▸ PROBLEM TO WORK ON: Return the lines of the listing below exactly as they appear, beginning at the one with "Dividing the new" and stopping after the one with "Rival Kings 1"; do not include pictures.

▸ DATASET:
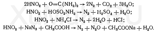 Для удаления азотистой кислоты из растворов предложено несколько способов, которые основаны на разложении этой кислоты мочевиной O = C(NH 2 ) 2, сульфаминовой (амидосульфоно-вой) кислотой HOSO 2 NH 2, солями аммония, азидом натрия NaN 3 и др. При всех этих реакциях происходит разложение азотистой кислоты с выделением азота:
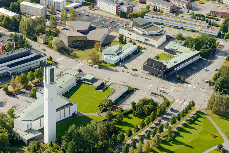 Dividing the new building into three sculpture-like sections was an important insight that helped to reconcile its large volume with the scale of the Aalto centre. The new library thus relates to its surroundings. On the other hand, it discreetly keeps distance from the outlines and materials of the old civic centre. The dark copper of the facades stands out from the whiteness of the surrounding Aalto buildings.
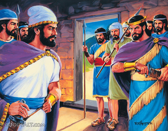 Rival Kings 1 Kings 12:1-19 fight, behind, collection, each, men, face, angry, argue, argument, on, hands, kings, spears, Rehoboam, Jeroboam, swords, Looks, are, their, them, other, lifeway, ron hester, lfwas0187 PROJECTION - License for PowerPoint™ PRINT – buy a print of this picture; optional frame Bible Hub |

==

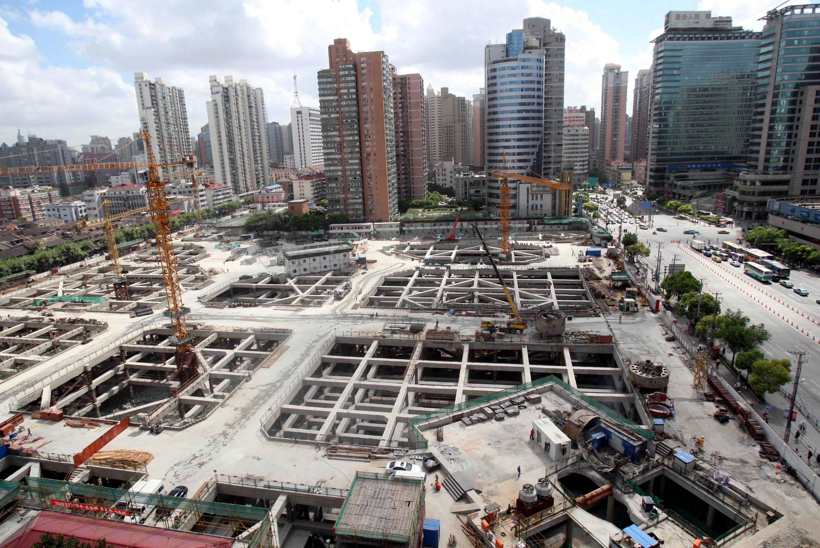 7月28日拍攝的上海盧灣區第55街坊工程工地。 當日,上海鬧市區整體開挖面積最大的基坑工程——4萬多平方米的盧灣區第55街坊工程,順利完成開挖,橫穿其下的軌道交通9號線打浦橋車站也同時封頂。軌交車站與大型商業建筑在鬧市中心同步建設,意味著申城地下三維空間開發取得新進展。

...

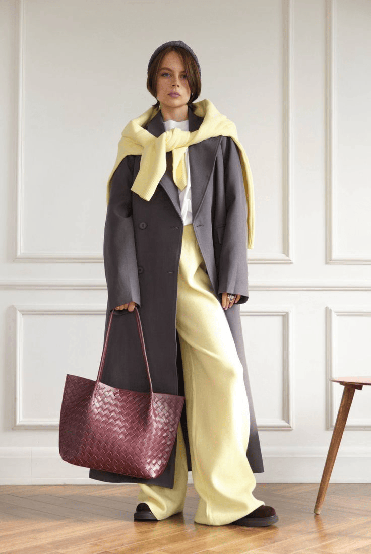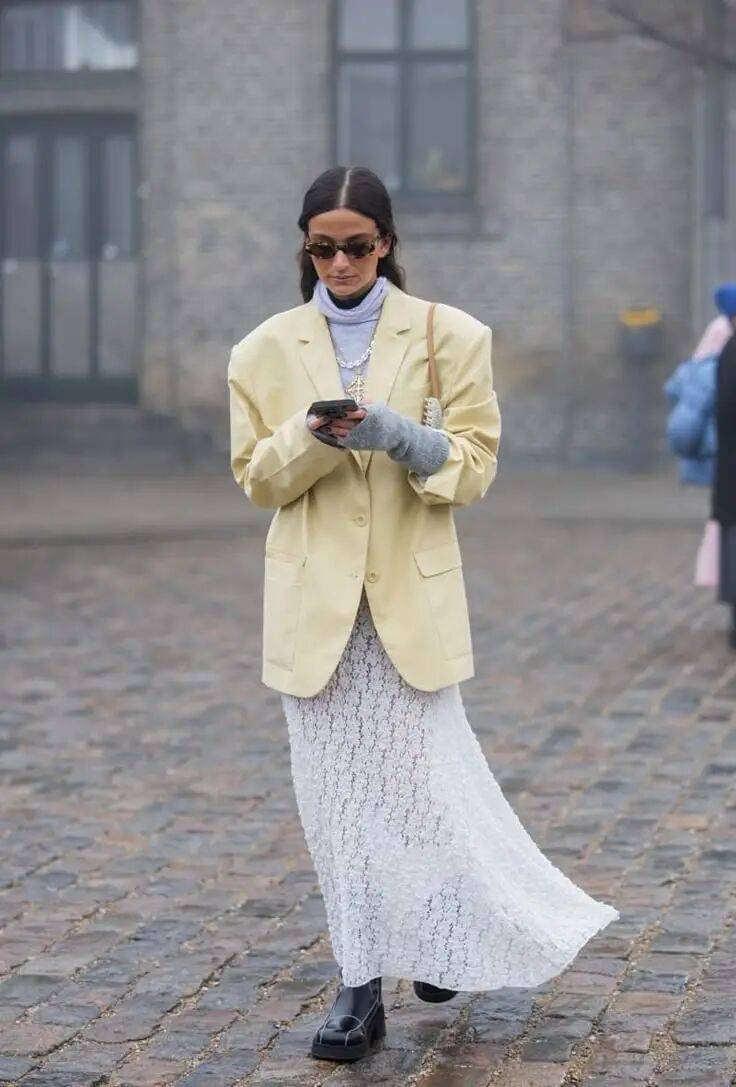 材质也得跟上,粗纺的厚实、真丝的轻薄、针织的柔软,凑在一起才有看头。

▸ REPLY TO THE TASK:
 Dividing the new building into three sculpture-like sections was an important insight that helped to reconcile its large volume with the scale of the Aalto centre. The new library thus relates to its surroundings. On the other hand, it discreetly keeps distance from the outlines and materials of the old civic centre. The dark copper of the facades stands out from the whiteness of the surrounding Aalto buildings.
 Rival Kings 1 Kings 12:1-19 fight, behind, collection, each, men, face, angry, argue, argument, on, hands, kings, spears, Rehoboam, Jeroboam, swords, Looks, are, their, them, other, lifeway, ron hester, lfwas0187 PROJECTION - License for PowerPoint™ PRINT – buy a print of this picture; optional frame Bible Hub |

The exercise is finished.